Теперь я знаю, что иногда полезно чье-то вмешательство. Почему считается нормальным, что недоброхоты разрушают чужие отношения, а дружеское вмешательство порицается? Мне, к слову, часто не хватало собственной решимости, и такая помощь, возможно, была бы очень даже кстати в некоторые моменты. Ведь беспристрастному человеку проще объясниться и развести руками.

Вечер неумолимо приближался, я все больше волновалась, но уже чувствовала какой-то азарт. Явились девчонки, и мы направились в район, на разведку. Таня Вологдина волновалась, кажется, еще больше, чем я. Лоншакова выразила недоверие:

– Мне кажется, ты испугаешься, не сможешь.
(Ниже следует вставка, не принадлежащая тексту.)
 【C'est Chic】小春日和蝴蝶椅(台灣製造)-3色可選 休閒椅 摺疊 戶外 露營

– Посмотрим! – не стала я возражать.

Толика мы обнаружили у кинотеатра. Он шел смотреть очередной индийский шедевр "Зита и Гита". Мы не нашли в себе достаточно сил, чтобы подвергнуться подобному испытанию, поэтому решили ждать. А фильм длинный, две серии! В поисках, чем бы себя занять, мы забрели в гости к одному из приятелей Толика, Валерке.

Валерка жил в том же лабиринте деревянных домиков, окруженных сараями, огородами и всякими хозяйственными постройками. Он привел нас в сарайчик, где обитал летом. Кроме стола и кровати, там ничего и не помещалось. На стене висели политические плакаты, на столике громоздился большой катушечный магнитофон. Валерка напоил нас чаем, поставил записи Высоцкого. Я тогда слушала с интересом, но настоящее открытие Высоцкого, конечно, было впереди.
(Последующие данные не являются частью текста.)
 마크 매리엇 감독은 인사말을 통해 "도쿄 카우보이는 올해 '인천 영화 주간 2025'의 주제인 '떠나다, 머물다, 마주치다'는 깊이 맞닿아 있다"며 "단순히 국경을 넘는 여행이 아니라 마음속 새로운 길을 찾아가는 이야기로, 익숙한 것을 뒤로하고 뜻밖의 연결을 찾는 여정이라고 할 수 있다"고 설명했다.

Однако девчонки забеспокоились: скоро закончится фильм, пора вылавливать Толика. Мы сердечно поблагодарили хозяина и сделали вид, что идем домой. Валерка, как джентльмен, решил нас проводить. Мы шли и пихали друг друга локтями: "Что делать? Как избавиться от него?"

Уже стемнело, время позднее, а Валерка никак не отстанет от нас. Вдруг Танька Лоншакова испуганно вскрикивает:

– Ой, это папка идет! Валерка, уходи скорее: увидит, всех убьет! Он у меня такой строгий!

Мы подыграли ей тут же:

– Да, Валер, иди, а то неприятностей не оберешься.

Бедный парень покрутил головой, не понимая, о ком идет речь, но не посмел ослушаться, отстал, наконец. Мы посмеялись удачной Танькиной выдумке. Стоило Валерке скрыться из глаз, мы рванули к дому Толика.

Таня Вологдина тряслась, как от сильного озноба. Они посадили меня на лавочку возле Толиного дома, а сами удалились со словами:

– Будем поблизости ждать. Как только поговоришь, иди к остановке автобуса, мы там будем сидеть.

Я осталась одна в кромешной темноте, в чужом месте. Сидела и тряслась от каждого шороха. Когда кто-то проходил мимо, душа у меня падала в пятки. Я ждала Толика с нетерпением и одновременно безумно боялась его появления. Где-то звучала музыка. По моим подсчетам фильм давно уже закончился, а Толя все не шел. В темноте что-то вдруг зашевелилось, я вскрикнула. Большая, черная собака подошла ко мне и стала обнюхивать. Это была та самая собака, которая вспугнула нас накануне своим лаем. Я робко погладила ее. Собака успокоилась и прилегла у моих ног.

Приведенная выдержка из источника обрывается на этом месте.